# 2026-05-02 — GoValidate PR review benchmark

This directory contains the raw evidence for graphify-ts's real PR-review benchmark on the GoValidate Platform codebase. The numbers below come directly from the committed `report.json` produced by `review-compare`.

## Setup

- **Codebase under test:** `govalidate/platform`, a real production repo checked out at `/path/to/govalidate/platform`.
- **Compared base branch:** `origin/main`.
- **What `review-compare` measures:** the same live branch diff is converted into two `pr_impact` prompts:
  1. **verbose** — expanded PR-impact context
  2. **compact** — condensed PR-impact context
- **Runner:** `cat {prompt_file} | claude -p`
- **Committed artifact source:** `platform/graphify-out/review-compare/2026-05-02T09-44-12/`

## Headline numbers (copied from `report.json`)

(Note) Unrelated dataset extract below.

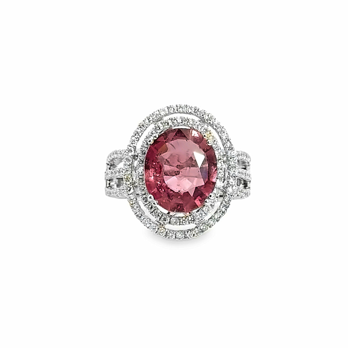 | 18K White Gold, Oval-Cut Pink Tourmaline Center Stone Approx.3.44ct., Diamonds Approx.0.88ct., Size 7.5 |

| Metric | Verbose | Compact | Δ |
|---|---:|---:|---:|
| Prompt tokens | 63,024 | **8,690** | 7.252× smaller |
| Payload tokens | 41,969 | **6,093** | 6.888× smaller |
| Changed files in diff | 36 | 36 | same |
| Seed count | 143 | 143 | same |
| Hotspot count | 3 | 3 | same |
| Runner status | succeeded | succeeded | same |

This benchmark captures a real branch diff in `govalidate/platform` and shows the prompt-size reduction from compact `pr_impact` packaging without changing the underlying review target.

The right way to read it is as a **coverage contract** proof: verbose and compact mode keep the same changed files, seed set, and hotspot counts, so the smaller prompt is not buying its win by dropping review surface. The newer product framing calls that an **effective cost** win for the same review contract — smaller review prompts for the same diff-backed evidence.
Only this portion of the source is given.